Supplied records:
============================================================

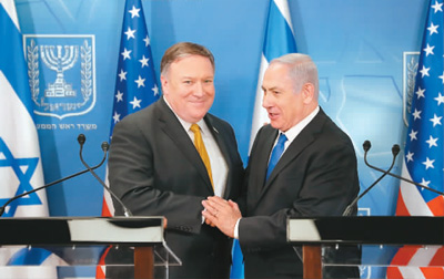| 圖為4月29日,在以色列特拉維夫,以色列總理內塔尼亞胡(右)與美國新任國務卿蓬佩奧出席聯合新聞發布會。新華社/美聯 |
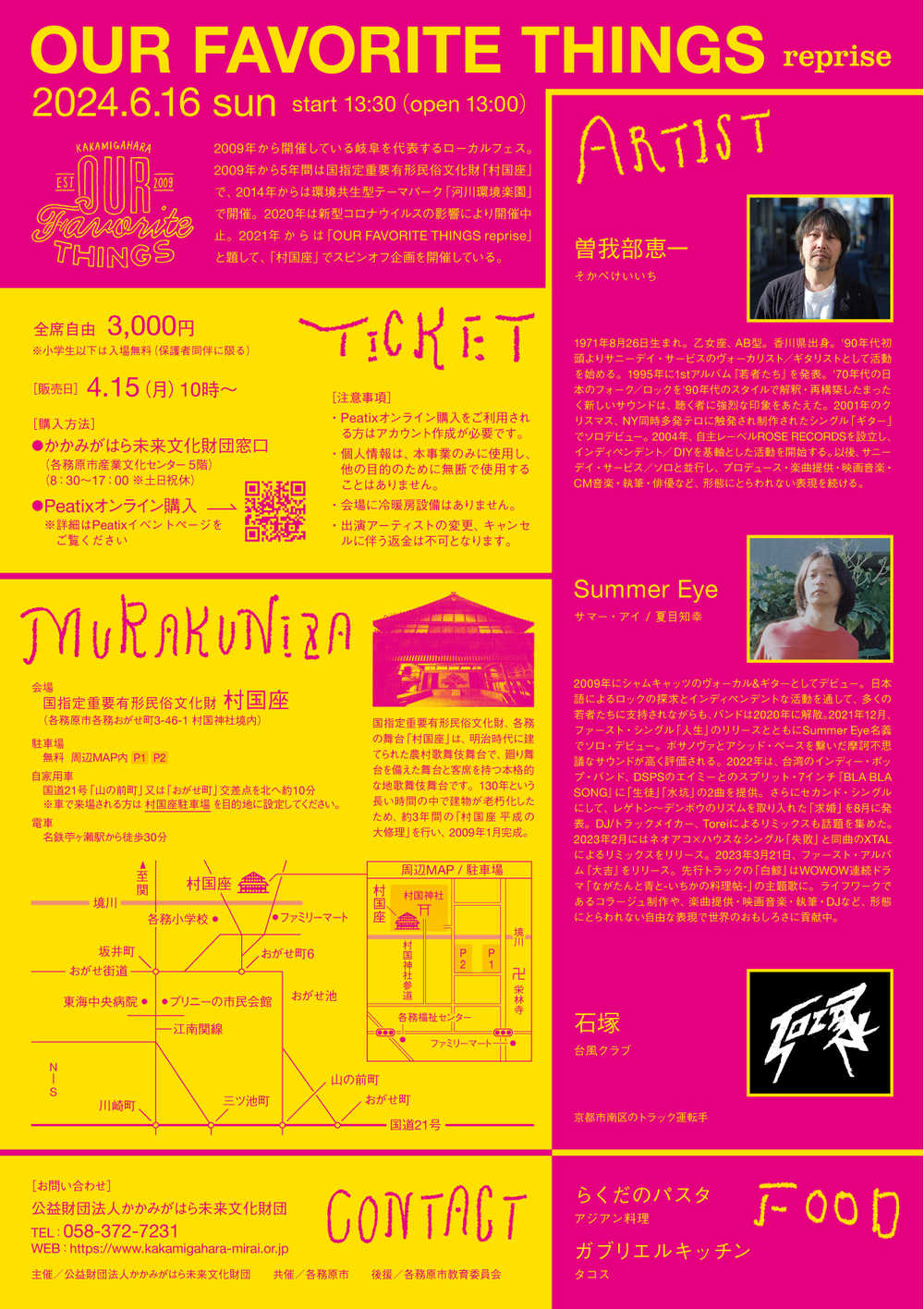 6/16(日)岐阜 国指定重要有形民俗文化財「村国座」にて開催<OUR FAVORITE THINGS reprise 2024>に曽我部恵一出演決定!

============================================================

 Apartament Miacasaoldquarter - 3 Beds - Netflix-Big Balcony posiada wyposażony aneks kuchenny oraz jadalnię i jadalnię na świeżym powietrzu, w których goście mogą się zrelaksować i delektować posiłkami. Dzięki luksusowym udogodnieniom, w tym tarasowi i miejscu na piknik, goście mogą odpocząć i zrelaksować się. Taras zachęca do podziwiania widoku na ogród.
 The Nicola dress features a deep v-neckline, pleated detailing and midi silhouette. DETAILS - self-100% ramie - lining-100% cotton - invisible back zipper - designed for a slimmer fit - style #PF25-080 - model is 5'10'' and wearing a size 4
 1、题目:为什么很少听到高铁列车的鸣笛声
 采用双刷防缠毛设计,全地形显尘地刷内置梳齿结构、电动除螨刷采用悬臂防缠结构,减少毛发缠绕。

============================================================

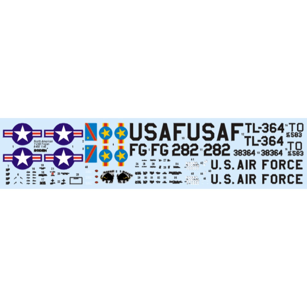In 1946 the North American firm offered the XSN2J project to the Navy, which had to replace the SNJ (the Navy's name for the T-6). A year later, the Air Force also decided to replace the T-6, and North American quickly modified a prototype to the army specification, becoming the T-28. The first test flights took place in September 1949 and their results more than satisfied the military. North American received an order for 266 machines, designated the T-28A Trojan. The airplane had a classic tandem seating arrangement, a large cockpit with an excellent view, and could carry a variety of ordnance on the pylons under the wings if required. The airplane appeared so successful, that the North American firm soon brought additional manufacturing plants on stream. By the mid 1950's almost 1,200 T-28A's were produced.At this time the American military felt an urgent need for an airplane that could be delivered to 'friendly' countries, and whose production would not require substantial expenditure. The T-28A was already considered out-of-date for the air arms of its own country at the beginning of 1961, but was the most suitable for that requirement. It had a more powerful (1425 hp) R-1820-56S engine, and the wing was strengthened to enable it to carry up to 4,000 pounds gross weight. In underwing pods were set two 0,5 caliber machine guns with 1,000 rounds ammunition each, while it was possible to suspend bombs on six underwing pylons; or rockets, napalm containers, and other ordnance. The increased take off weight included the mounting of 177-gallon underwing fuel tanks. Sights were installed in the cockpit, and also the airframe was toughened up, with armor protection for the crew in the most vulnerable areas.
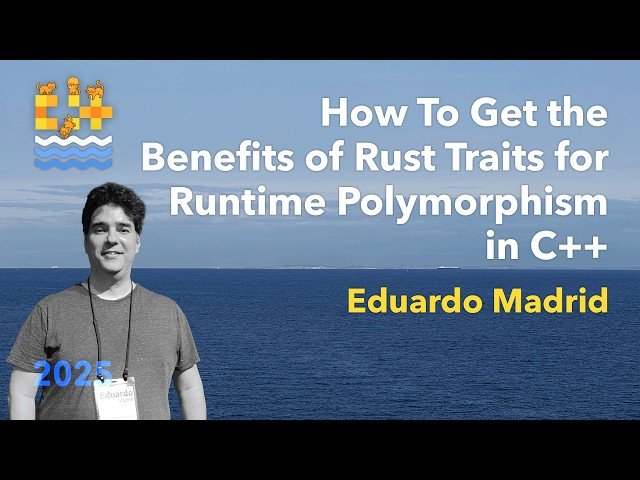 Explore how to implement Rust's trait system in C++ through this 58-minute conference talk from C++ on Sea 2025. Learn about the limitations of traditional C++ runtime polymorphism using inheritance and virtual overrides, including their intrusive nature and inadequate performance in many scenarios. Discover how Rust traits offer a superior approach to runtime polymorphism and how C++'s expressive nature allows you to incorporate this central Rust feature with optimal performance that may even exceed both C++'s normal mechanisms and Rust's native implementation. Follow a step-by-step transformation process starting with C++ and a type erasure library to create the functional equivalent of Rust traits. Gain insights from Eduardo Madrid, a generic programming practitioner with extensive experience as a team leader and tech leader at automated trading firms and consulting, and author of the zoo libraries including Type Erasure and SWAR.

============================================================

What to produce: All lines above from the one with "The Nicola dress" to the one with "采用双刷防缠毛设计,全地形显", inclusive, should be copied exactly, and no other lines.

Completed task:
 The Nicola dress features a deep v-neckline, pleated detailing and midi silhouette. DETAILS - self-100% ramie - lining-100% cotton - invisible back zipper - designed for a slimmer fit - style #PF25-080 - model is 5'10'' and wearing a size 4
 1、题目:为什么很少听到高铁列车的鸣笛声
 采用双刷防缠毛设计,全地形显尘地刷内置梳齿结构、电动除螨刷采用悬臂防缠结构,减少毛发缠绕。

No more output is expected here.